(ASSIGNED TASK): Your output is to hold only the lines from the one showing "ssDNA-Seq Kit モニターキャンペーン(ID:N255C)" through the end of the listing, exactly, with every picture excluded.

(INPUT DATA):
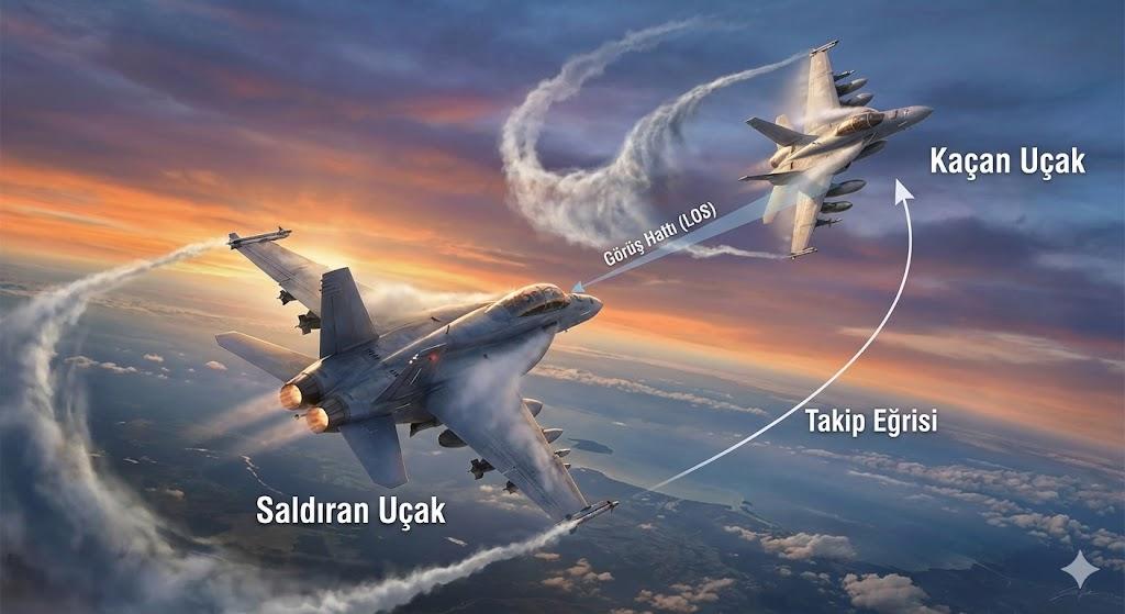 The defining characteristic of the WVR (within visual range) environment is the high decision rhythm and command frequency. In BVR (beyond visual range) engagements, outcomes are primarily shaped by sensor ranges, network-centric information flow, and long-range missile envelopes; in WVR, visual and short-range perception become dominant. This manifests concretely in how the line-of-sight (LOS) direction and LOS rate (angular velocity relative to the target) directly determine the firing window. Reliable operation of aiming systems depends not only on the target entering range but also on reducing LOS rate sufficiently to maintain stable aim on the target. Therefore, dogfighting is less a problem of optimizing spatial position alone and more a problem of managing the “angular meaning” that the spatial state creates relative to the target. This approach, known in the literature as the “space–angle game,” refers to integrating spatial decisions—such as turn plane, altitude layer, and distance—with angular decisions—such as AOT (angle-off-tail), lead/pure/lag tracking angles, and HOBS (high off-boresight)—and proper timing. In other words, advantage often arises from the combination of selecting the correct plane, maintaining the correct speed band, and sustaining LOS rate within the aiming system’s required range.
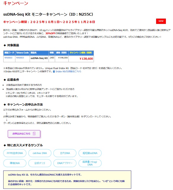 ssDNA-Seq Kit モニターキャンペーン(ID:N255C) -
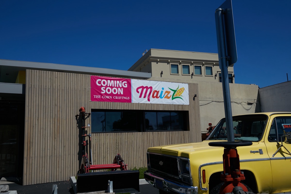 I’ve been watching what used to be the Signarama building ever since mid 2016, when that business relocated. The building, which sits at the corner of El Camino Real and Winklebleck Street (at 851 El Camino Real) sat idle for a handful of years, but finally, in early 2020, I noted that the building was getting remodeled. At the time I dug around a bit and came up with two interesting tidbits: it was slated to be a restaurant, and the restaurant would apparently be called “Maizz.” Between then and now I’ve learned little else, but watched as the on-again, off-again remodeling of the building took place. Finally, there is light at the end of this now four-year tunnel: a temporary sign (perhaps made by Signarama?) has gone up on the building:

(YOUR RESPONSE):
 ssDNA-Seq Kit モニターキャンペーン(ID:N255C) -
 I’ve been watching what used to be the Signarama building ever since mid 2016, when that business relocated. The building, which sits at the corner of El Camino Real and Winklebleck Street (at 851 El Camino Real) sat idle for a handful of years, but finally, in early 2020, I noted that the building was getting remodeled. At the time I dug around a bit and came up with two interesting tidbits: it was slated to be a restaurant, and the restaurant would apparently be called “Maizz.” Between then and now I’ve learned little else, but watched as the on-again, off-again remodeling of the building took place. Finally, there is light at the end of this now four-year tunnel: a temporary sign (perhaps made by Signarama?) has gone up on the building:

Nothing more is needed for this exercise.